Make an exact copy of the records below, excluding images.

Records for this exercise |
▬▬▬▬▬▬
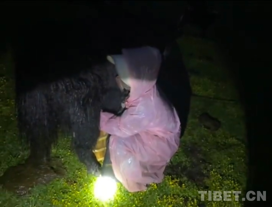 到了牛圈里,我發(fā)現(xiàn)大部分的牦牛都把腦袋斜靠在自己的肚子旁,閉著眼睛睡覺呢。我想很多人都沒見過牦牛睡覺的畫面吧?它們睡覺不是站著,而是躺下后前后腿全部收緊,把自己裹成一團(tuán),頭不是往前伸著,而是斜著貼緊自己的身體。過了一會(huì)兒,似乎是小牛犢們意識(shí)到了自己馬上就可以喝到媽媽的奶了,牛圈里開始傳來此起彼伏的叫聲;另一邊的牛媽媽們也開始作出回應(yīng)。雖然在我聽來都是同一種叫聲,但在它們那兒似乎有著完全不一樣的意義。這是屬于它們自己的“加密語(yǔ)”。就這樣,在一聲聲“哞——哞——”的叫聲中,我們開始了今天的工作。
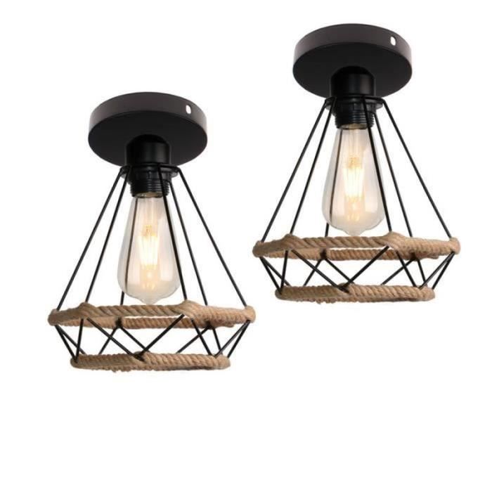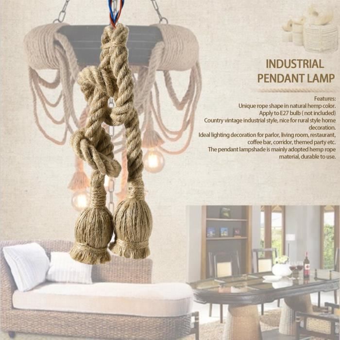 COUNT Lot de 2 Vintage Plafonnier Industrielle Rétro Cage en Corde de Plafonnier en corde, 2 têtes de 1 m vintage en corde de chanvre avec base E27, suspension rétro pour salle à manger, restaurant, bar : : Outils et BricolageÀ propos de cet article Lieux applicables : couloirs, salons, chambres, salles d'étude, couloirs, cours, restaurants, cuisines, salles de bains, entrées, balcons, chambres d'hôtel, salles d'exposition, entrepôts. Matériau... Luminaire Plafonnier Suspension Plafonnier En Corde De Chanvre, Double Tête 1 Mètre Vintage Corde Câble électrique Corde Avec Douille Il peut être noué avec différents nœuds créatifs et uniques. Il peut être utilisé pour l'éclairage, mais aussi comme décoration pour la maison, un café, un bar, etc. 2. Tension : 220-240 V | Puissance : max. 60 W | Matériau : métal, corde de chanvre | (ampoule non incluse) | 1 adaptateur secteur E27 3
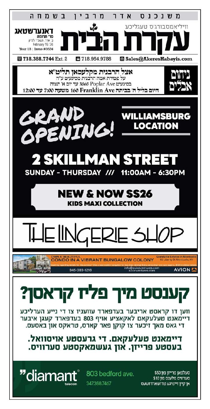 Akeres Habayis Thursday 02.19.26
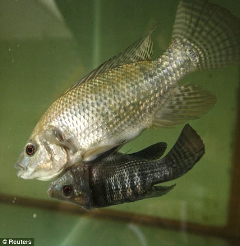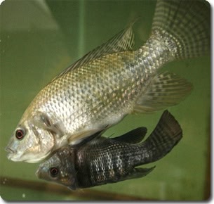 この魚たちはNile Tilapiaという種類の魚だそうで、熱帯川、運河、湖と池で見つかる一般の淡水種。成長すると体長60センチ、体重4キロ結構大型の魚なのだそうで、この兄弟魚はタイの水族館で生まれたのだそう。
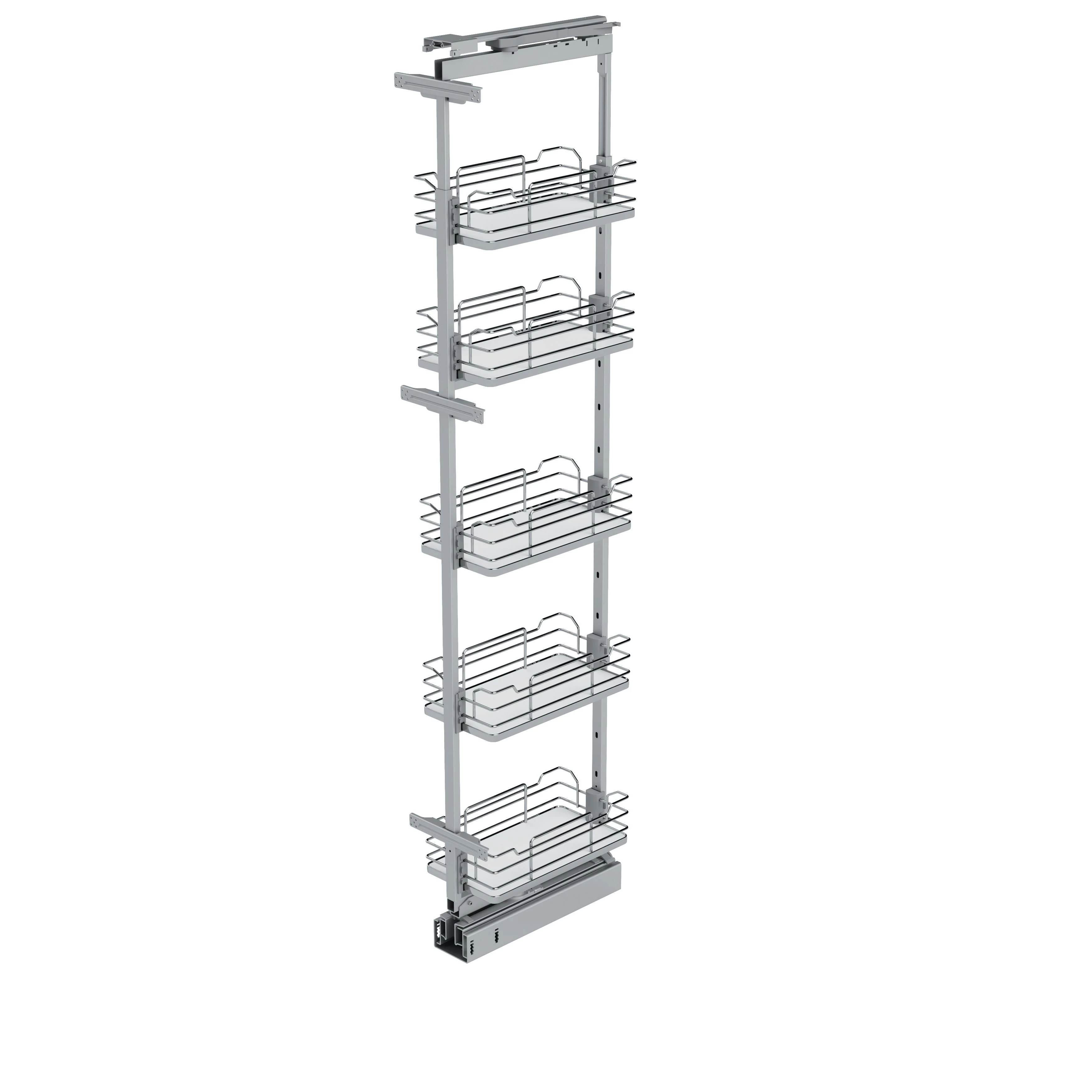 Konyhai fémrács, kamravasalat, 400mm, króm-fehér, teljes kihúzású, csillapított záródás, 1880-2180mm, 5 kosár SIGE, Infinity Line 265
▬▬▬▬▬▬
Output below |
 到了牛圈里,我發(fā)現(xiàn)大部分的牦牛都把腦袋斜靠在自己的肚子旁,閉著眼睛睡覺呢。我想很多人都沒見過牦牛睡覺的畫面吧?它們睡覺不是站著,而是躺下后前后腿全部收緊,把自己裹成一團(tuán),頭不是往前伸著,而是斜著貼緊自己的身體。過了一會(huì)兒,似乎是小牛犢們意識(shí)到了自己馬上就可以喝到媽媽的奶了,牛圈里開始傳來此起彼伏的叫聲;另一邊的牛媽媽們也開始作出回應(yīng)。雖然在我聽來都是同一種叫聲,但在它們那兒似乎有著完全不一樣的意義。這是屬于它們自己的“加密語(yǔ)”。就這樣,在一聲聲“哞——哞——”的叫聲中,我們開始了今天的工作。
 COUNT Lot de 2 Vintage Plafonnier Industrielle Rétro Cage en Corde de Plafonnier en corde, 2 têtes de 1 m vintage en corde de chanvre avec base E27, suspension rétro pour salle à manger, restaurant, bar : : Outils et BricolageÀ propos de cet article Lieux applicables : couloirs, salons, chambres, salles d'étude, couloirs, cours, restaurants, cuisines, salles de bains, entrées, balcons, chambres d'hôtel, salles d'exposition, entrepôts. Matériau... Luminaire Plafonnier Suspension Plafonnier En Corde De Chanvre, Double Tête 1 Mètre Vintage Corde Câble électrique Corde Avec Douille Il peut être noué avec différents nœuds créatifs et uniques. Il peut être utilisé pour l'éclairage, mais aussi comme décoration pour la maison, un café, un bar, etc. 2. Tension : 220-240 V | Puissance : max. 60 W | Matériau : métal, corde de chanvre | (ampoule non incluse) | 1 adaptateur secteur E27 3
 Akeres Habayis Thursday 02.19.26
 この魚たちはNile Tilapiaという種類の魚だそうで、熱帯川、運河、湖と池で見つかる一般の淡水種。成長すると体長60センチ、体重4キロ結構大型の魚なのだそうで、この兄弟魚はタイの水族館で生まれたのだそう。
 Konyhai fémrács, kamravasalat, 400mm, króm-fehér, teljes kihúzású, csillapított záródás, 1880-2180mm, 5 kosár SIGE, Infinity Line 265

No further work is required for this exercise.